However - this is actually an extremely computationally intensive problem. Scaling up to your actual case sizes shows the challenge here -- using 10,000 rows for table A
and 1,000,000 rows for table B
, this method completes in 91 seconds on the server I'm running on, but uses over 112 GB of memory!
A <- data.table(loc = sample.int(1000, size = 1e4, replace = TRUE))
B <- data.table(loc = sample.int(1000, size = 1e6, replace = TRUE),
value = sample.int(100, size = 1e6, replace = TRUE))
system.time({
A[,loc_Dummy := loc]
B[,loc_Plus100 := loc + 100]
B[,loc_Minus100 := loc - 100]
setkey(A,loc,loc_Dummy)
setkey(B,loc_Minus100, loc_Plus100)
Matches <- foverlaps(A[,.(loc, loc_Dummy)],
B[,.(loc_Minus100,loc_Plus100,value)])
Summary <- Matches[,.(n = .N, sum = sum(value), avg = mean(value)), by = .(loc)]
})
## Warning: Memory usage peaks at ~112 GB!
# user system elapsed
# 56.407 46.258 91.135
This is barely within the capabilities of the server I use, and likely may not actually be applicable for your case.
If you don't have hundreds of Gigabytes of memory at your disposal, you'll probably have to get a little more clever in the way you approach this and iterate through chunks at a time.
From what I can tell, your problem is actually similar in ways to the one posed (and solved) by Lorenzo Busetto and detailed in a blog post: Speeding up spatial analyses by integrating sf and data.table: a test case.
Chunking to the rescue
Requiring over ~100 Gigabytes of memory isn't really a feasible solution -- especially if you wanted to scale A
or B
up by an order of magnitude at some point.
However, a chunking method (inspired by Lorenzo's post linked above) that splits up the problem into 100 chunks actually only increases by run-time a trivial amount to 116 seconds, but reduces peak memory usage to less than 3 GB! If I were planning on doing this in production, I'd go with something like the following.

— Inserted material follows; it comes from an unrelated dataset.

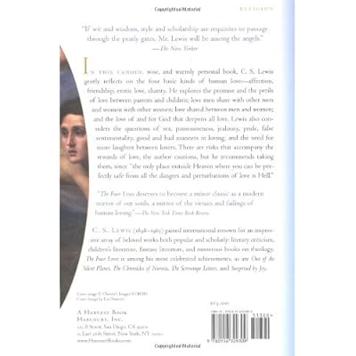 Amazon.com Review summarizes four kinds of human love--affection, friendship, erotic love, and the love of God. Masterful without being magisterial, this book's wise, gentle, candid reflections on the virtues and dangers of love draw on sources from Jane Austen to St. Augustine. The chapter on charity (love of God) may be the best thing Lewis ever wrote about Christianity. Consider his reflection on Augustine's teaching that one must love only God, because only God is eternal, and all earthly love will someday pass away: Who could conceivably begin to love God on such a prudential ground--because the security (so to speak) is better? Who could even include it among the grounds for loving? Would you choose a wife or a Friend--if it comes to that, would you choose a dog--in this spirit? One must be outside the world of love, of all loves, before one thus calculates. His description of Christianity here is no less forceful and opinionated than in Mere Christianity or The Problem of Pain, but it is far less anxious about its reader's response--and therefore more persuasive than any of his apologetics. When he begins to describe the nature of faith, Lewis writes: 'Take it as one man's reverie, almost one man's myth. If anything in it is useful to you, use it; if anything is not, never give it a second thought.' --Michael Joseph Gross Read more Review 'A rare and memorable book.' Saturday Review' deserves to become a minor classic as a modern mirror of our souls, a mirror of the virtues and failings of human loving.' New York Times Book Review'[Lewis] has never written better. Nearly every page scintillates with observations which are illuminating, provocative and original.' Church Times'What is interesting about these chapters is the extent to which a non-believer can follow the argument and receive enlightenment Lewis has a keen eye, a large measure of human sympathy, wit, and a command of simple words By writing so well and so perceptively about natural human conduct, Lewis makes the strongest case for examining his conclusions with respect. He is writing, presumably, for the unconverted as well as for Christians, and whatever the former may believe or disbelieve about God they are persuaded that he could only exist as a culmination in absolute terms of their deepest moral convictions.'Times Literary Supplement Read more See all Editorial Reviews is a book by C S Lewis which explores the nature of love from a Christian and philosophical perspective through thought experiments The book was summarizes four kinds of human love The Greek language distinguishes at least four different ways as to how the word love is used Ancient Greek has four distinct words for love ag pe ros phil a Buy on Amazon com FREE SHIPPING on qualified orders 102 quotes from Friendship is born at the moment when one man says to another What You too I thought that no one but myself summarizes four kinds of human love A rare and memorable book Saturday Review deserves to become a minor classic as a modern mirror of our souls a mirror of the virtues and trope as used in popular culture Love is the most important value of all Everyone needs to love and be loved in return This trope applies Eros Love has not one but many faces C S Lewis in this candid wise and warmly personal book describes the four basic kinds of human love STUDY GUIDE to By C S Lewis Introduction was Lewis look at some of the different loves described in Greek thought T he Four Loves This is a short book summary of CS Lewis s classic the Four Loves The four loves come from the Greek who use four words to describe what we use In this candid wise and warmly personal book C S Lewis describes the four basic kinds of human love LibraryThing Review User Review In the last chapter of the last gospel Jn 21 there is something strange going on It is the scene where Jesus asks Peter three times Do you love me to In this passage from Lewis examines the distinction between divine and human love and how God s version has the power to transform our own Directed by Antony Cordier With Marina Fo s lodie Bouchez Roschdy Zem Nicolas Duvauchelle What are adult love affairs Two couples meet and fall in love Whence flows this ability to love In his classic book Lewis describes the four basic kinds of human love Four Loves by C S Lewis available in Trade Paperback on Powells com also read synopsis and reviews A candid wise and warmly personal book in which Lewis explores Advertisement Advertisement C S Lewis Four Loves Defines The Ultimate Love By CHRISTINE SMOLYNSKY Special Contributor C S Lewis First issued 1958 Contents Chapter 1 Introduction Chapter 2 Likings and Loves for the sub Get this from a library The four loves C S Lewis Custom Designs Colors patterns textures and materials are all thoughtfully considered and selected in my design process to create a distinct look that will Four Loves is a home based custom design sewing business inspired by bright contemporary fabrics www fourloves etsy com C S Lewis s famous inspirational work on the nature of love divides love into four categories Affection Friendship Eros and Charity Chapter 4 Eros In love I Definitions Eros romantic love 91 that is the feeling of being in love Venus sexual or carnal desire and Browse unique items from FourLoves on Etsy a global marketplace of handmade vintage and creative goods Free Download The Four Loves di eBook PDF.
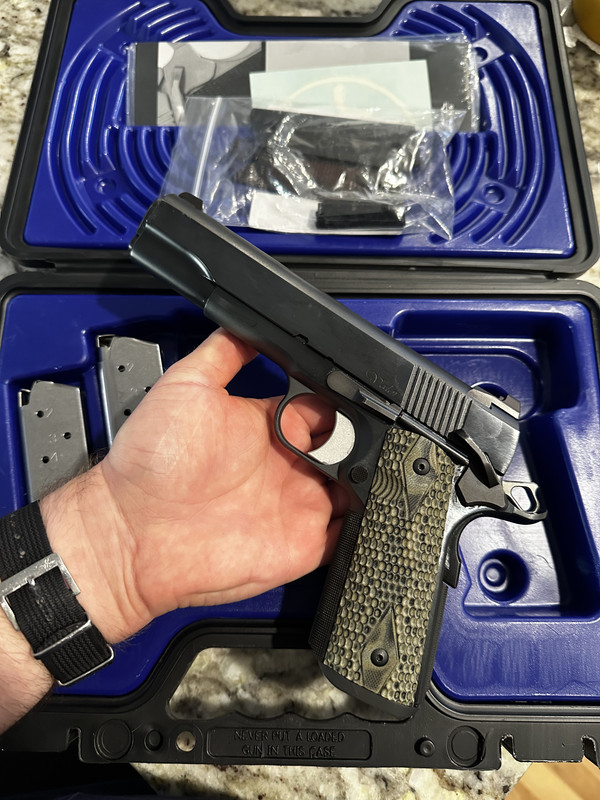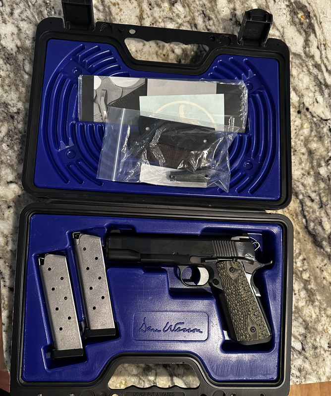 For sale is a Dan Wesson Valor, 5" in .45ACP. The gun is finished in polished blueing, which Dan Wesson only offered for a limited window. Called the factory and inquired, this pistol was manufactured in February of 2017. Many collectors consider this rare pistol from the golden era of DW production. Has a Nighthawk one-piece magwell, and VZ grips (standard thickness) installed. Has a brand new 18lbs Sprinco recoil spring as well. Includes the original MSH and grips. Please note, the original factory grips are VZ slim grips, which will require different grip screw bushings to use. Also includes factory case, factory 2 magazines and all associated material. Pistol is in overall great shape. Has some minor finish wear from holstering and general use. I am not the original owner, so do not know the total round count. I have fired less than 200 rounds through it. Overall in great shape, with beautiful finish. Selling to fund other projects. Price is $2,200. Not interested in trades at this time. VA DL, CHP, and bill of sale. Or we can go to an FFL (in NoVA, prefer Sharpshooters, SEG, NoVA Armory).

One note: I didn't really do some in-depth auditing on the accuracy of the results (I might have specified one of the range bounds incorrectly open or closed), so I'd scrutinize the output with the data you're familiar with before putting into production.
A <- data.table(loc = sample.int(1000, size = 1e4, replace = TRUE))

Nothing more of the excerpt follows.